◆ **Activity**: Of the lines in the material below, print only those from the one containing "Pantalón largo en" to the one containing "1、首先点击同意按钮,顺利进入应用界面,以便开始使用各种功能。", ends included, exactly as written and without pictures.

◆ **Available records**:

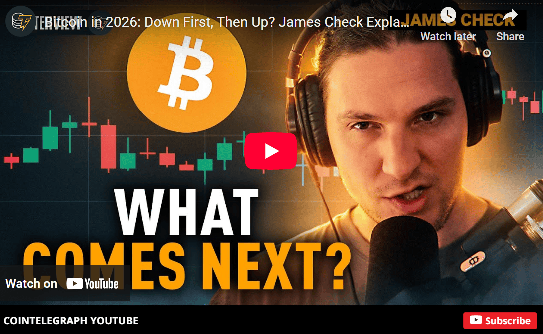 Most Bitcoin outlooks for 2026 boil down to slogans; the on-chain data tells a more complicated story. In this interview, we sit down with Glassnode lead analyst James Check to map what the current market structure actually implies for the next two years. He walks through sell-side dynamics, ETF behavior, sovereign interest and how different cohorts are cycling in and out of profit. His base case is uncomfortable for both extremes: more downside and chop before a sustainable move higher, rather than a straight line in either direction. If you're still trading off headlines, this is a reminder that the chain is starting to price a path where pain comes first, then upside. | | | | | | | | | —Written by Monica Hutchison | | | | 4.6 million people follow us on social media. You should too. | | | | | | | | | Cointelegraph Consulting Limited | | 20/F, Strand 50, 50 Bonham Strand Sheung Wan, Hong Kong Hong Kong | | | You received this email because you signed up on our website. | | Download our official app: | | | | | | | | | | | | | | | |
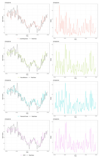 Figure 7 shows the traffic speed distribution of one random road on 27 February, 2019, when there were frequent and abrupt changes of speed. Before 06:00, average speed levels fluctuated between 40–50 km/h; the models tried to follow the changes in speed. LR and RF had RMSEs of almost 15 km/h. After 6:00 a.m., the average speed decreased by 20–30 km/h, meaning that there was an increasing number of cars in this road. At this time, all models had their maximum RMSEs, which were around 15 km/h. For the rest of the day, LR and RF had large RMSE values when there were large and abrupt deviations in speed, whereas NN and SVR showed better performance with the minimum MAE and RMSE values and the minimum of maximum errors, as shown in Table 2.
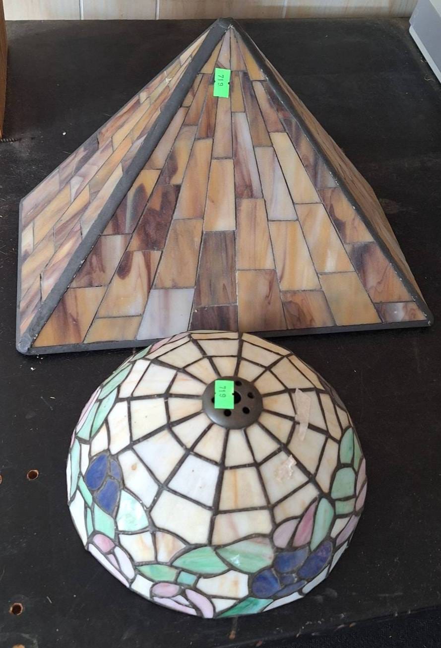 719 Leaded-Style Glass Lamp Shade 7? and Pyramid Stained Glass Lamp Shade 14x7x7?
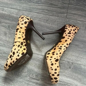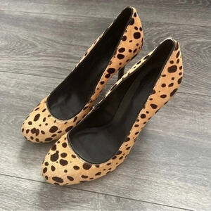 Slip-On Design -Round Toe -4” Heels -Tory Burch Logo on Bottom of Shoes -Tan with Brown Spots (Cheetah Pattern) -Concealed Platform -Leather Upper, Lining and Soles -Bovine Hair -Excellent Pre-Loved Condition -No Obvious Flaws Heel Height in Inches-4
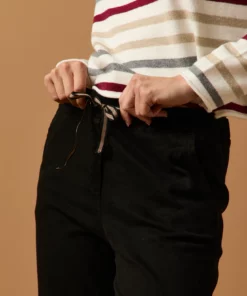 Pantalón largo en color negro. Tiro medio, cintura elástica ajustable con cordón de rayas y diseño recto.
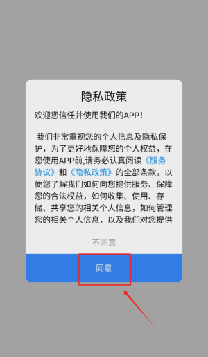 1、首先点击同意按钮,顺利进入应用界面,以便开始使用各种功能。
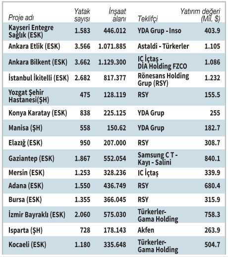 1- Yabancı menşeli (ABD) yönetim danışmanlık şirketi Frost & Sullivan tarafından hazırlanan ve https:// ww2.frost.com/frostperspectives/analysis-public-private-partnershipppp-hospital-campusesconstruction-programmeturkey/internet adresinde, Haziran 2015 tarihinde yayımlanan “An Analysis of Public-Private-Partnership (PPP) Hospital Campuses Construction Programme of Turkey” isimli raporda yer alan tabloda; ülkemizde yapılmış veya yapılması planlanan 15 Şehir Hastanesine ait yatırım maliyetlerinin miktarları belirtilmektedir.
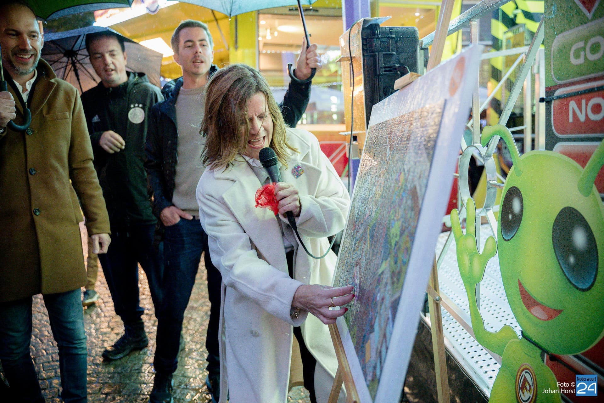 Gisteravond werd de kermis officieel geopend door wethouder Michèle Ferrière. Dat deed ze door het laatste stukje van de speciale kermispuzzel te leggen. De muzikale omlijsting werd verzorgd door harmonie Sint Antonius Weert. Hoewel het niet helemaal droog was gisteravond kon daarna alsnog het feest beginnen.
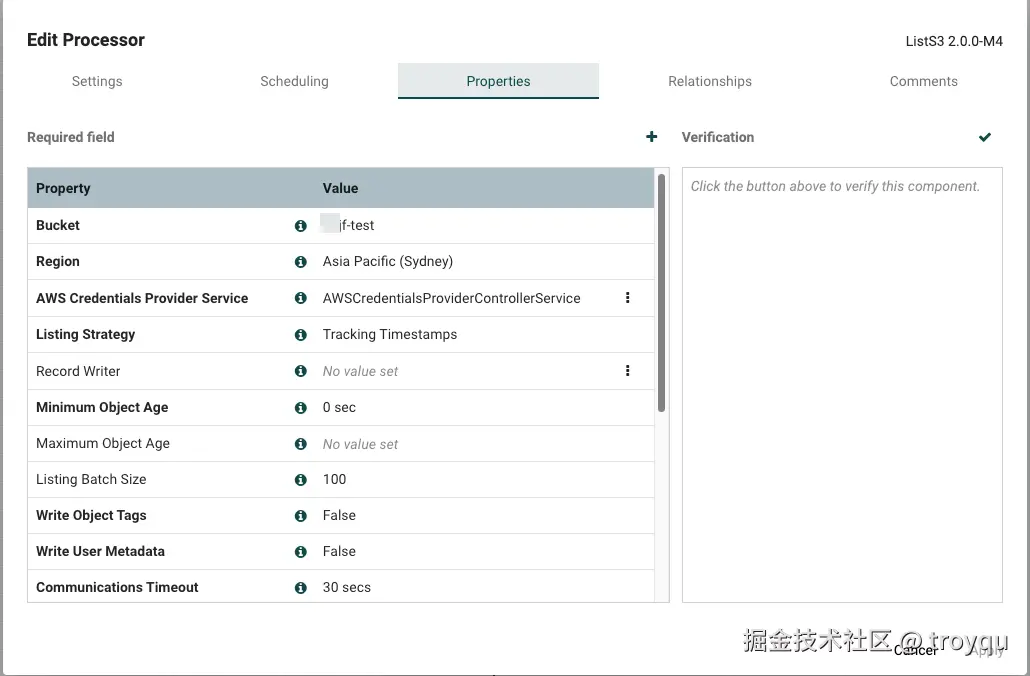 配置拉取s3 object配置复用Lists3Aws credentials service服务进行认证,bucket等其他属性使用默认值从lists3 processor的attribute中获取。
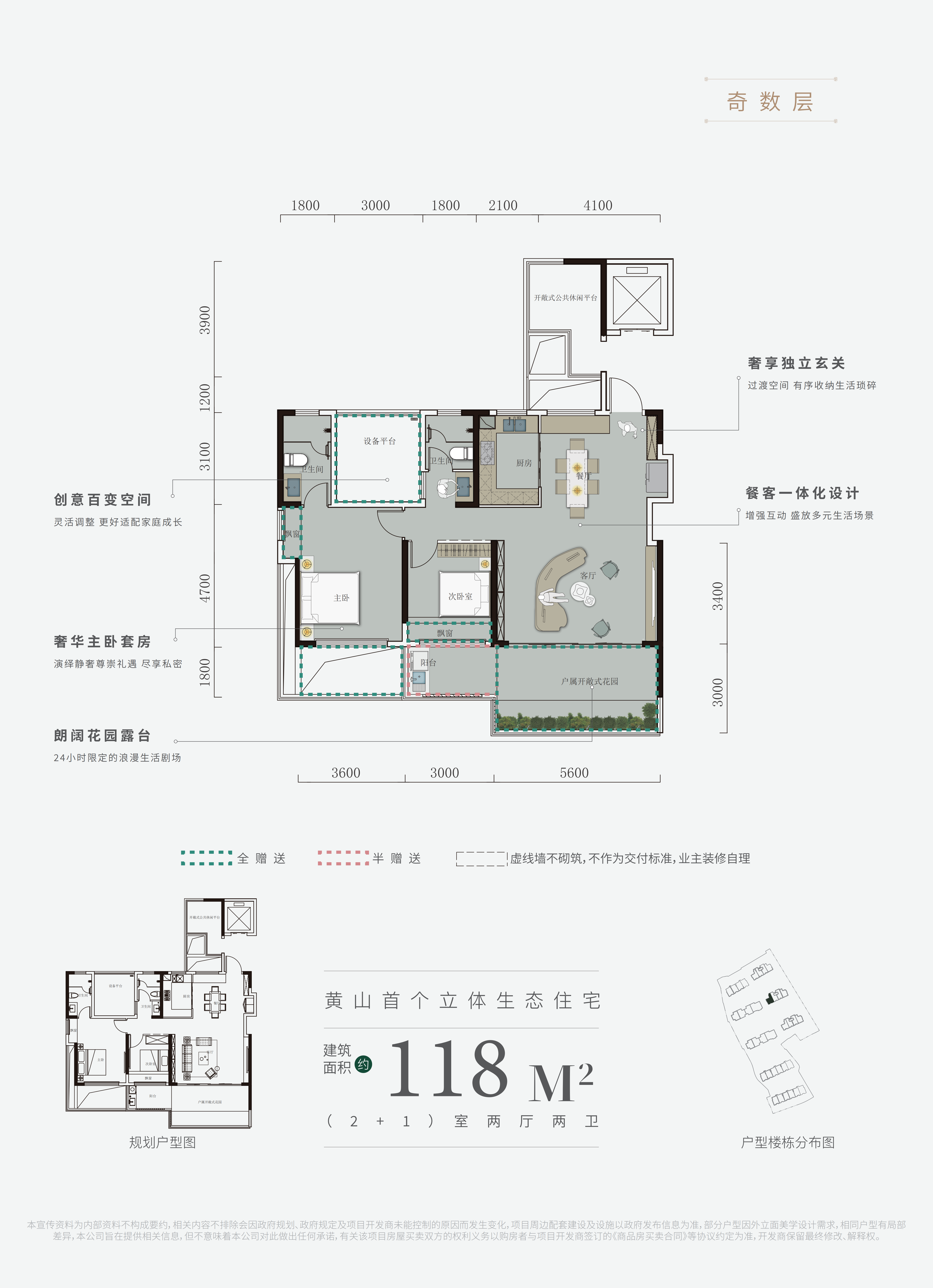 2室2厅2卫-118㎡ 2+1室两厅两卫
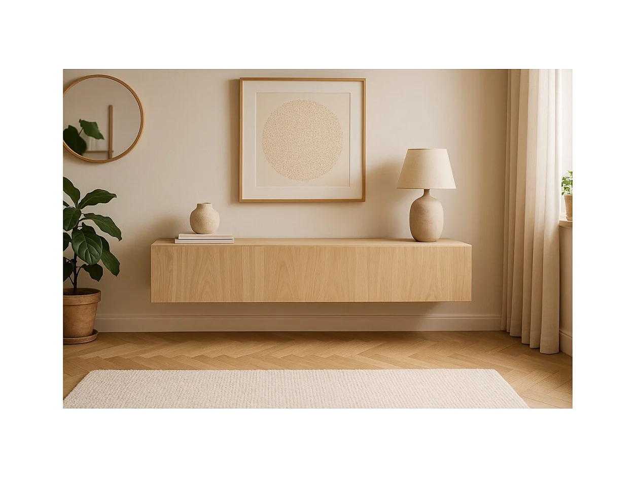 Meuble TV suspendu FLY 160 cm - Coloris chêne clair

◆ **Response area**:
 Pantalón largo en color negro. Tiro medio, cintura elástica ajustable con cordón de rayas y diseño recto.
 1、首先点击同意按钮,顺利进入应用界面,以便开始使用各种功能。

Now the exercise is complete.